子宮内膜の厚さは出生体重と関係がある可能性あり

凍結胚移植由来の妊娠は新鮮胚移植と比較すると、低出生体重児、早産、在胎期間のわりに小さい赤ちゃん(SGA)、前置胎盤、および胎盤早期剥離の相対的リスクが低いと報告されています。しかし、凍結胚移植の有効性や安全性が、新鮮胚移植よりも優れていることを裏付ける臨床的証拠は現在ありません。


また、子宮内膜の厚さと産科および新生児の合併症の関係についての報告はさまざまあり、子宮内膜の厚さが7.5 mm未満の場合に産科有害転帰のリスク増加と関連していることを発見が報告されています。したがって、子宮内膜の厚さは胚の着床だけでなく、さらなる胎児の発育にも関連している可能性があります。


この報告は新鮮胚移植において、hCGトリガー日の子宮内膜の厚さ(EMT)と産科・新生児の有害な転帰と関連しているかどうかを調査した後ろ向き研究です。


2020年4月 Fertility and Sterilty
”Endometrial thickness is associated with incidence of small-for-gestational-age infants in fresh in vitro fertilization–intracytoplasmic sperm injection and embryo transfer cycles”

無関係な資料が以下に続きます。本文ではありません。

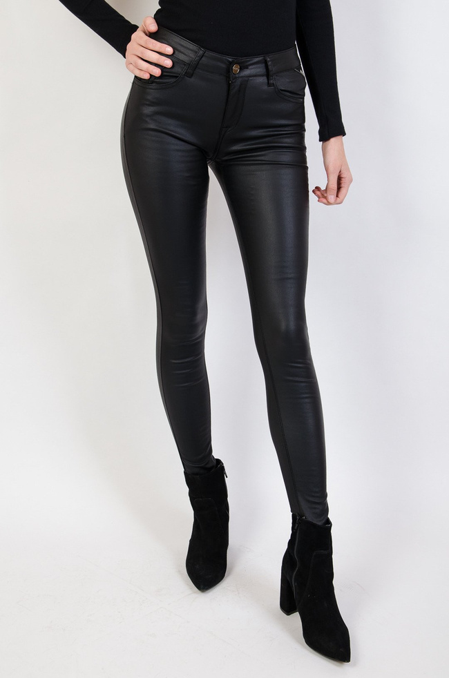 Czarne  spodnie woskowane z zamkami na kieszeniach z tyłu.

EMT≤7.5mmの132人、EMT> 7.5–12 mmの2,166人、EMT> 12 mmの859人を含む、3,157人を対象としています。
SGAとLGAは、同じ妊娠週における平均体重の10%未満と90%以上の出生体重
VPTD:妊娠32週前の出産


EMT≤7.5mm群の平均出生体重は、EMT> 7.5–12 mmおよびEMT> 12 mmよりも軽かく(3.25±0.56 kg、3.38±0.51 kg、3.39±0.53 kg ;P≤ .05)、 SGAの発生率は、EMT≤7.5 mm群が、EMT> 12 mmよりも統計的に有意に高い結果でした(8.3%対3.7%、P≤.05)。 VPTDのリスクは、EMT>7.5–12 mm群およびEMT>12 mm群よりもEMT≤7.5mm群が統計的に有意に高い結果でした(2.3%、0.5%、1.5%、P≤.05)。
早産、LGA、性別、帝王切開、前置胎盤、胎盤早期剥離、高血圧障害、妊娠糖尿病に統計的な有意差はありませんでした。

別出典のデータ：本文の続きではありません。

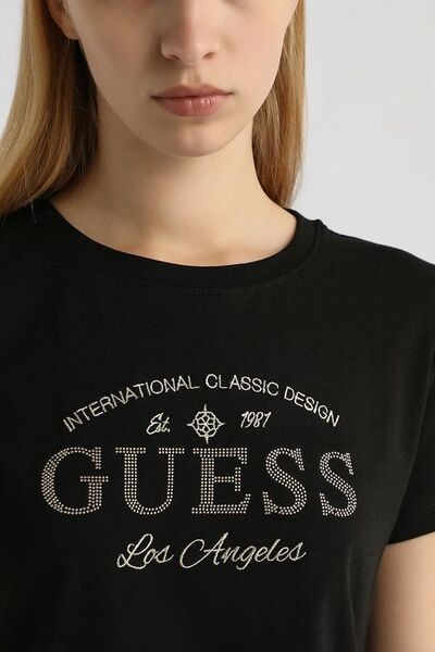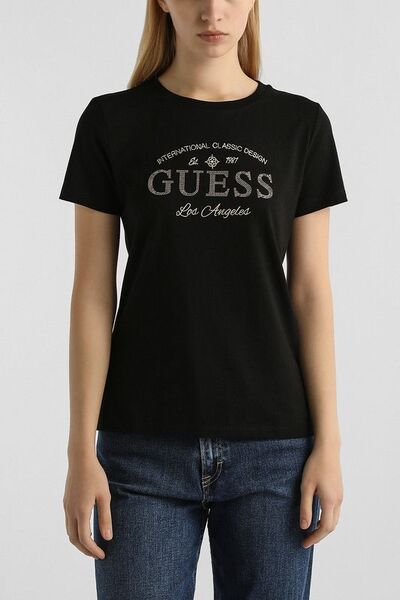Футболка хлопковая с логотипом Guess 7689244 (чёрный, lpn31055144)

交絡因子を調整後、SGAの発生率は3つのグループ間で8.3%、5.1%、3.7%であり、EMT≤7.5mm群と> 12 mm群を比較すると有意に内膜が薄い群がSGA発生率は高くなっていました。EMT≤7.5群と7.5–12 mm群でSGAの発生率に統計的に有意差がありませんでしたが、上昇傾向はありました。


この研究は、新生児の出生体重がhCGトリガー日の子宮内膜の厚さと相関していることを示しました。